→ **Collected data**
-*-
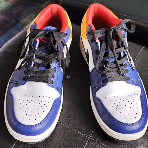 Snygga Nike Zoom Freak 2 sneakers i en unik färgkombination av blått, lila och grönt. Perfekt för både sport och vardag. Detaljerad design med mönstrade snören och Nike-logga.
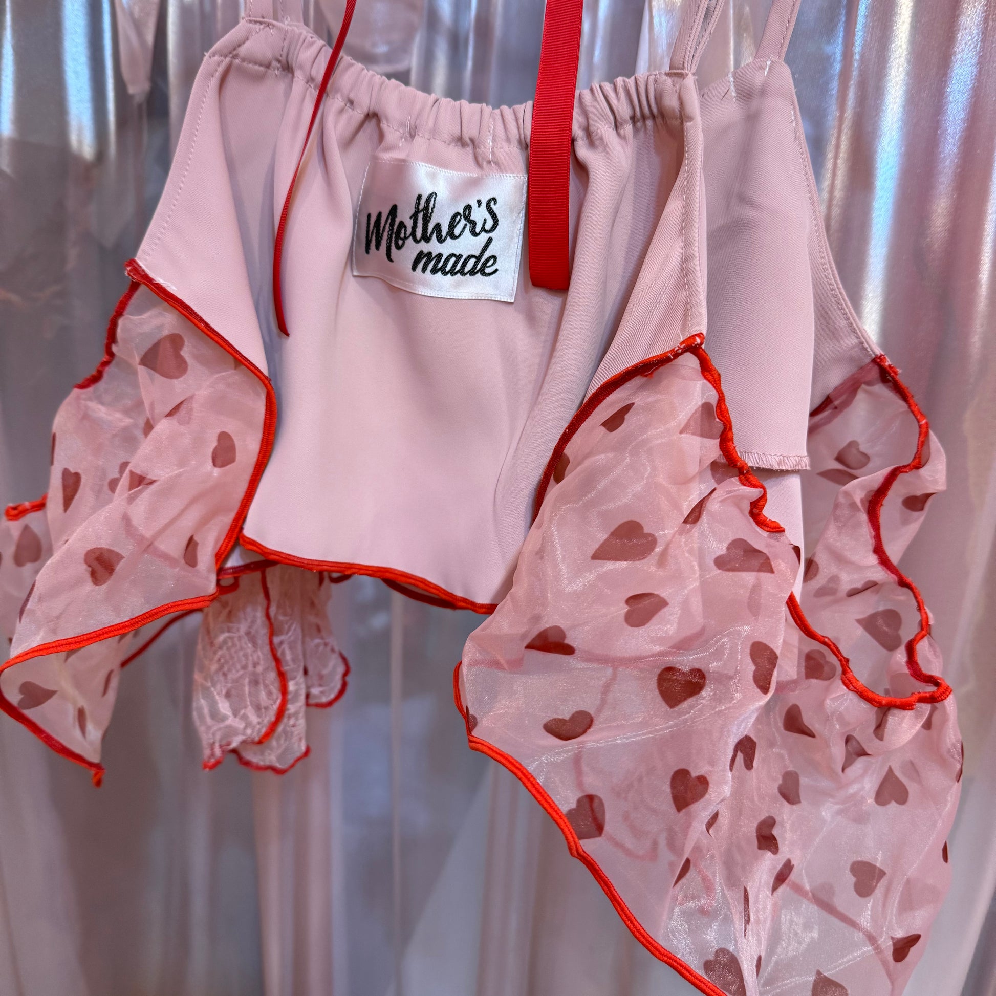 ピンク薔薇刺繍レースキャミソール
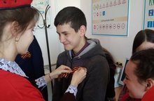 Юнармейцы гимназии участвовали во Всероссийской акции «Георгиевская ленточка»/Гимназиянең юнармиячеләре җиңү бәйрәме уңаеннан оештырылган акцияне башлап җибәрделәр.
-*-
→ **How to complete this task**
Precisely the lines from the one containing "ピンク薔薇刺繍レースキャミソール" to the end of the data above, both included, should be printed; leave the pictures out.

→ **Reply**
 ピンク薔薇刺繍レースキャミソール
 Юнармейцы гимназии участвовали во Всероссийской акции «Георгиевская ленточка»/Гимназиянең юнармиячеләре җиңү бәйрәме уңаеннан оештырылган акцияне башлап җибәрделәр.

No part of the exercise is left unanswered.